The questionnaires gathered from the MWS group were then compared with questionnaires which had already been collected in a large Australian study of children and adults with intellectual disability from varying causes (we have called this group of questionnaires the “non-MWS group”). The questionnaires selected for comparison were chosen in order to match the two groups as closely as possible for both age and level of intellectual disability. By doing this, we were able to find out which behaviors were more or less common in MWS compared with people of a similar age and with a similar level of development.

Overall, the results of the study suggested that there is a set of behaviors associated with MWS, both in terms of behaviors which are more common in people with MWS compared with people of a similar age and with similar levels of ID, as well as particular behaviors which are less common in those with MWS.

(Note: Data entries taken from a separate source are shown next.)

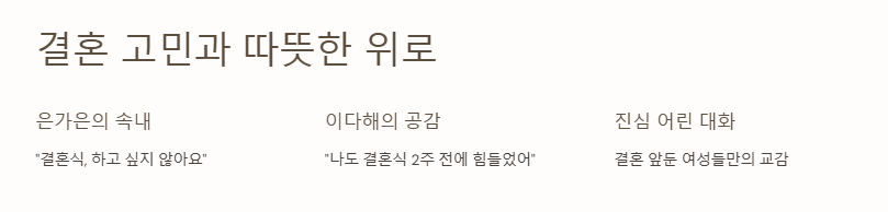 결혼을 준비하며 겪는 불안, 서로의 이야기로 녹여내다
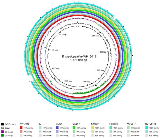 Comparisons of genomes related to WH13013. Shown is a BRIG circular plot for BLASTN comparisons of WH13013 and related genomes. The first and second inner rings represent the GC content and GC skew of WH13013, respectively. From the third ring inside, each ring corresponds to a different genome, as follows, from inner to outer ring: WH13013, ZJ, ML101, GXBY-1, SY1027, Fujisawa, KC-Sb-R1, and NCTC8163.
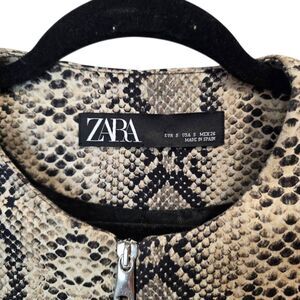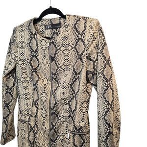 Zara Snakeskin Collarless Jacket Womens Small Long Sleeve Full Zip Longline Coat
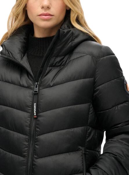 Superdry Jacke. Modell Fuji. Farbe Schwarz. Reißverschluss. Seitentaschen. Kapuze. Markenpatch am Ärmel. Leicht taillierter Schnitt in der Taille. Markenzeichen auf dem Rücken.

The behaviors in question can be categorized into 5 broad categories:

  1. Affect: Compared with the non-MWS group, people with MWS appeared to be happier. They were less likely to “appear depressed, downcast or unhappy”, or to “cry easily for no reason”. These findings are consistent with previous reports in the genetic literature suggesting that individuals with MWS typically display a happy affect, with frequent smiling. During the interviews and assessments, many participants also were noted to show a happy demeanor, with frequent smiling, and during the parent interviews, the topics of “happiness and smiling” came up often.
  2. Sociability: Compared with the non-MWS group, people with MWS were found to be more socially oriented and affectionate. They were less likely to “not show affection or to “prefer to do things on his/her own, tending to be a loner”. They were also more likely to “stand too close to others”. Taken together, these results provide some support for the anecdotal reports in the genetic literature that people with MWS display a sociable demeanor. The study also included a measure of temperament (the EAS Temperament Scale) and the findings from this scale are in keeping with the results of the DBC. In particular, the MWS scored higher than the non-MWS group for the Sociability scale of the EAS, and lower on the Shyness scale, and this is consistent with the MWS group’s lower scores on the DBC scale measuring problems in social relating. These findings are also consistent with the finding that many individuals with MWS display a strength in social skills.
  3. Oral behaviors: The MWS group showed a very high incidence of oral behaviors. They were more likely to “grind their teeth” (87% of the MWS group said this occurred sometimes or often) and to “Chew or mouth objects or body parts” (95% of the MWS group said this occurred sometimes or often). When parents and carers were asked to list other features which they thought could have been related to MWS, a number of respondents mentioned unusual dental characteristics. Furthermore, in the parent and carer interviews, dental anomalies such as missing teeth or having extra teeth were frequently mentioned. Another topic frequently discussed during interviews was drooling, which is not explored by the DBC. Overall, from both the unstructured and quantitative results, it would appear that oral behaviors are very persistent in MWS, even at older ages. However, during the unstructured interviews, some parents or carers of older MWS participants did report a decrease in chewing and mouthing objects in response to behavioral interventions (generally consisting of parents or carers saying “no” and/or removing the object from the person’s mouth).
  4. Stereotyped or repetitive behaviors: the MWS group scored higher for the items “flicks taps twirls objects” and “switches lights on and off or similar repetitive activity”. People with intellectual disability are more likely to show repetitive or stereotyped behaviors than the general population, and especially those with more severe disabilities. The results of the MWS study suggest a high prevalence of particular stereotyped or repetitive behaviors in MWS, even above that seen in others with a similar level of ID and of comparable age. The parent and carer interviews data gave further information about specific types of repetitive behaviors common in individuals with MWS. The most often mentioned was related to paper flipping, followed by switching lights on and off, and flicking or spinning objects.
  5. Under-reaction to pain: The MWS group were also more likely to show an under-reaction to pain. This finding was also supported by the many reports collected during the unstructured interviews, in which respondents reported a reduced or almost absent pain reaction to situations where one would be expected. Some of these reports included very painful situations such as broken bones.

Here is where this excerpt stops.